Canadian ice hockey player (born 1957)

Kevin McCarthy (born July 14, 1957) is a Canadian former professional ice hockey player who spent 10 seasons in the National Hockey League between 1977 and 1987, serving as captain of the Vancouver Canucks from 1979 until 1982.

==Playing career==
As a youth, McCarthy played in the 1969 Quebec International Pee-Wee Hockey Tournament with the Winnipeg St. James minor ice hockey team.

Playing for his hometown Winnipeg Monarchs, McCarthy was one of the most dominant junior defenders of his era. Following a memorable 1976–77 season in which he set WCHL records for defenders with 105 assists and 127 points (later broken by Cam Plante), he was selected in the first round (17th overall) in the 1977 NHL amateur draft by the Philadelphia Flyers.

McCarthy stepped straight into the Flyers' roster in the 1977–78 season, posting 2 goals and 17 points along with a stellar +29 rating.
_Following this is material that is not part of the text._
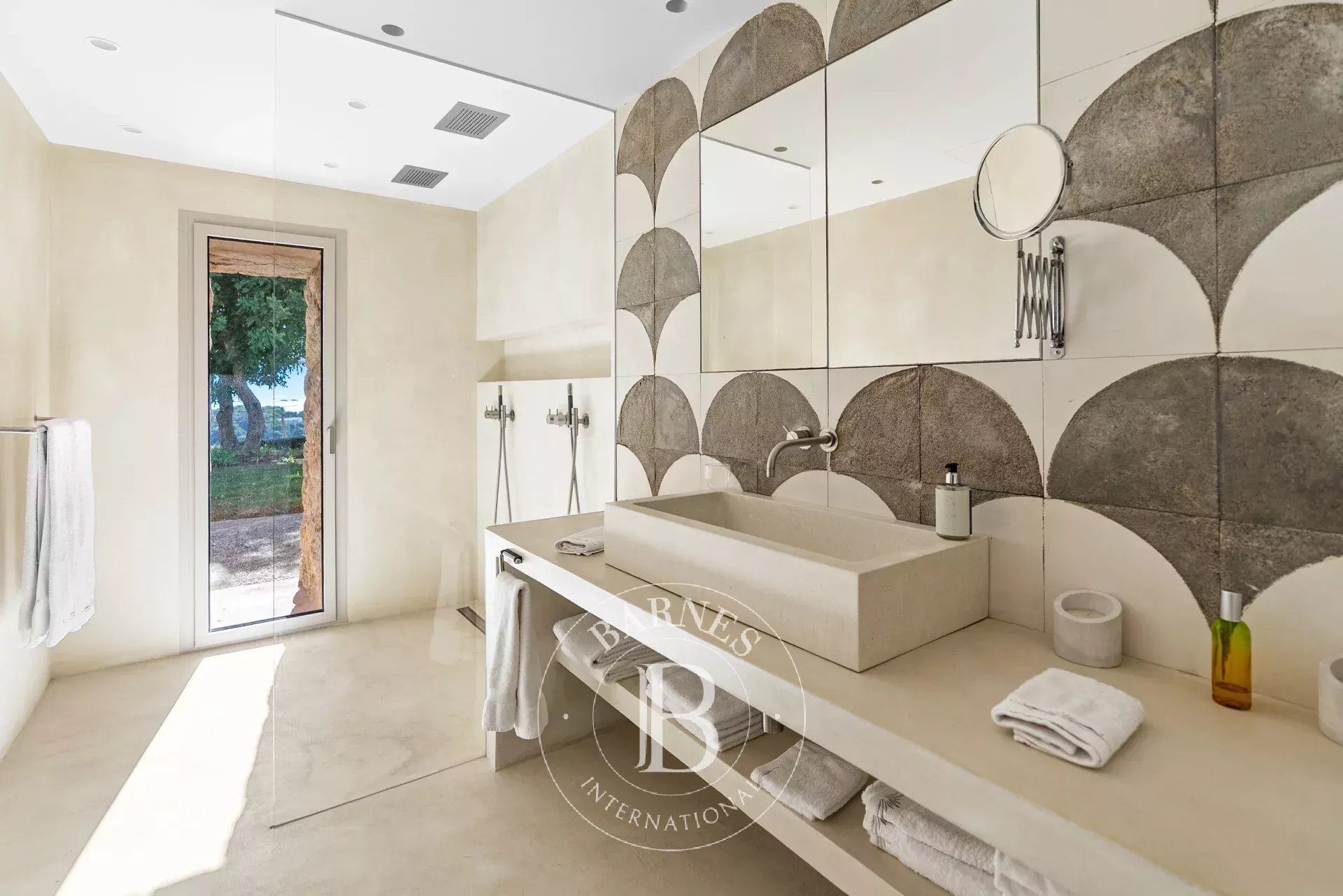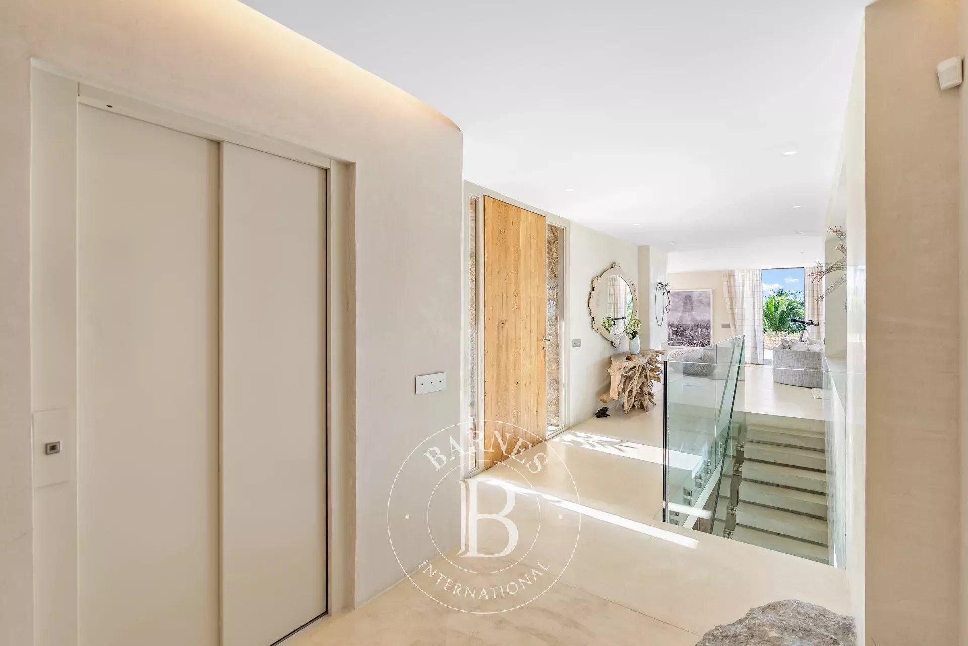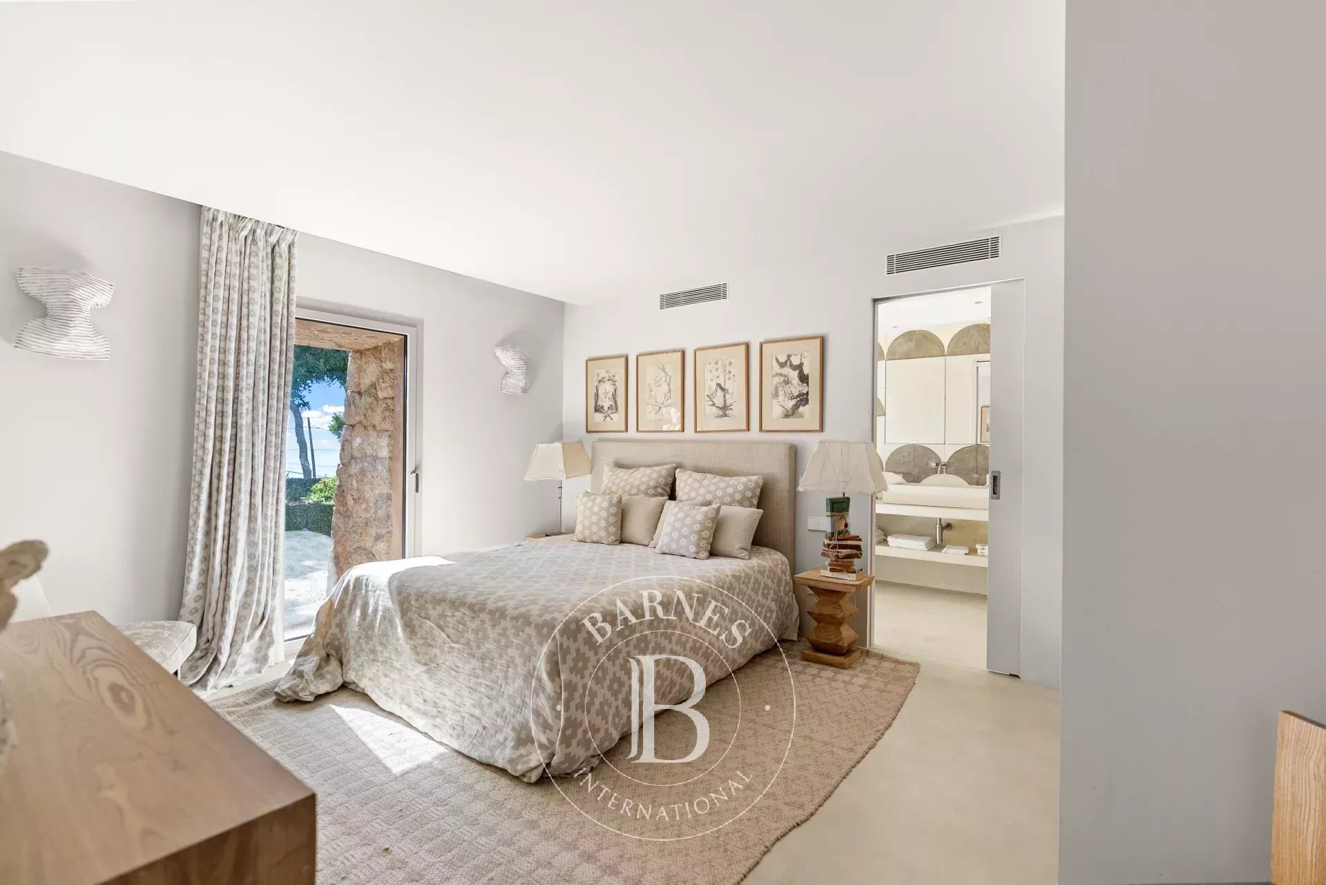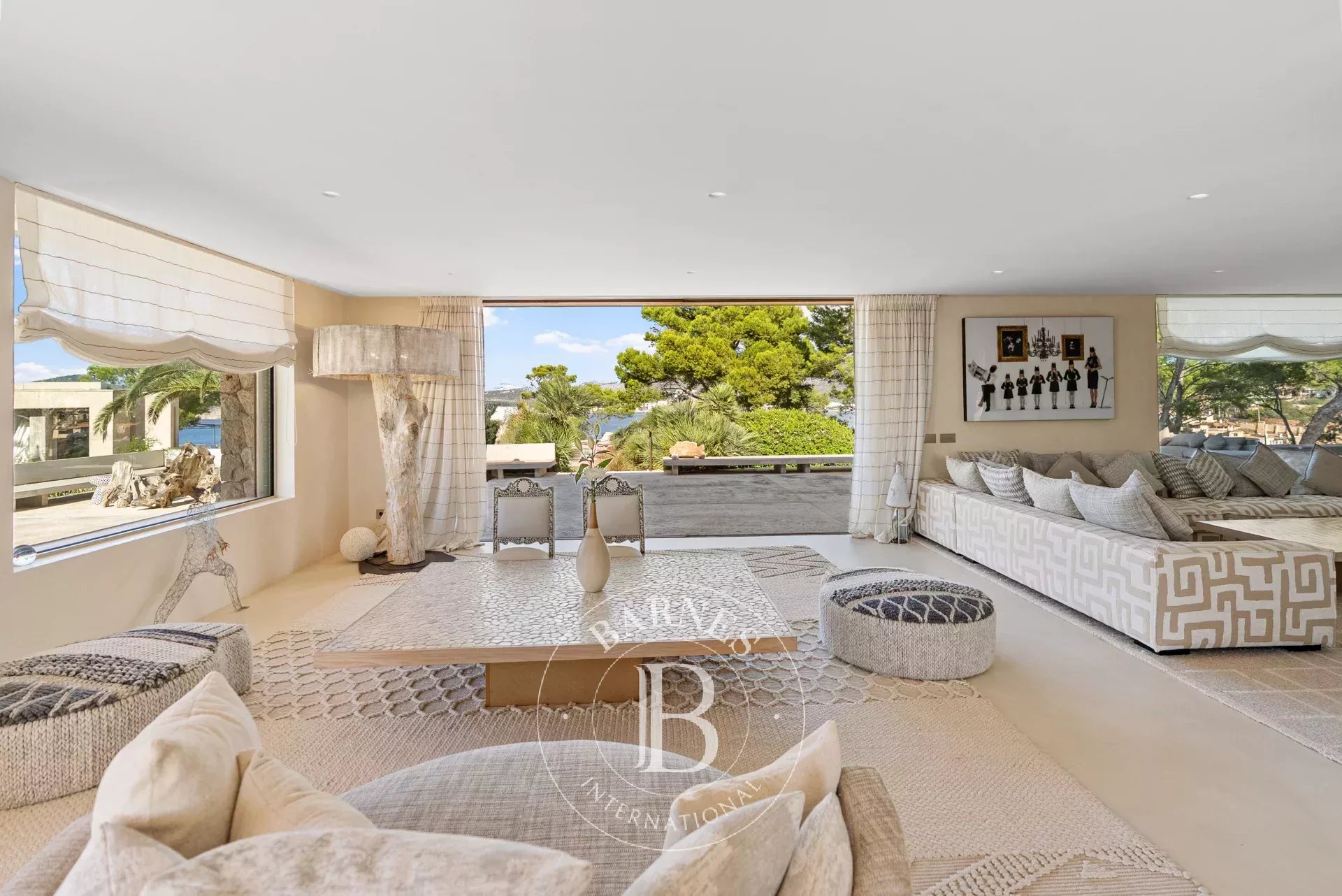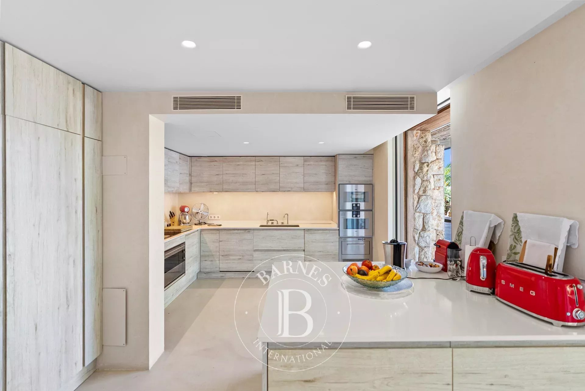 A l'interieur, les espaces de vie de la villa sont lumineux et accueillants, avec de grandes fenetres qui encadrent l'horizon mediterraneen. Le chauffage au sol avec pompe a chaleur, une cuisine totalement equipee avec menuiserie sur mesure et un ascenseur Elevaric offrent un confort moderne sans compromettre l'integrite estetique de la propriete. Le design allie elegance d'inspiration boheme et finitions de haute qualite, creant un environnement harmonieux pour la detente et le divertissement.

Early in the 1978–79 campaign, however, he was dealt to the Vancouver Canucks in a deal for Dennis Ververgaert. The deal would prove controversial, as McCarthy was damaged goods and played only a single game for Vancouver before requiring surgery for a pre-existing hip condition.

Back to full health in 1979–80, McCarthy would be a revelation for Vancouver as he led the team's blueliners with 15 goals and 45 points and finished 3rd in overall team scoring. It would be the first of four consecutive 40-point seasons on the Canuck blueline for McCarthy, who impressed with his powerful point shot and fine outlet passing and was quickly becoming the team's top all-around defender.

McCarthy responded with the finest season of his career, tying a team record for defenders with 16 goals and registering a career-high 53 points. He was also selected to represent the Canucks in the 1981 NHL All-Star Game in Los Angeles. After another fine season in 1981–82, McCarthy would suffer a broken ankle on the eve of the 1982 playoffs, and was forced to watch from the pressbox as the Canucks marched all the way to the Stanley Cup Final before losing to the New York Islanders. Stan Smyl captained the Canucks on their Cinderella run to the finals.

After a poor start to the 1983–84 season, McCarthy would be a victim of a rebuilding process in Vancouver and was dealt to the Pittsburgh Penguins for a draft pick, one of three top defenders (along with Harold Snepsts and Lars Lindgren) shipped out within a few months of each other. He re-discovered his offensive game in Pittsburgh, posting 20 points in 31 games, but was a horrific -32 over that stretch for the last-place Penguins. After a disappointing 1984–85 season in which he slumped to just 19 points, he was released by the Penguins.

After his release from the Penguins, McCarthy returned to Philadelphia, signing with the Flyers as a free agent. However, his career was on the downturn and he spent most of the next three seasons in the minors with the Hershey Bears, appearing in only 6 games for the Flyers over that stretch. He retired in 1988.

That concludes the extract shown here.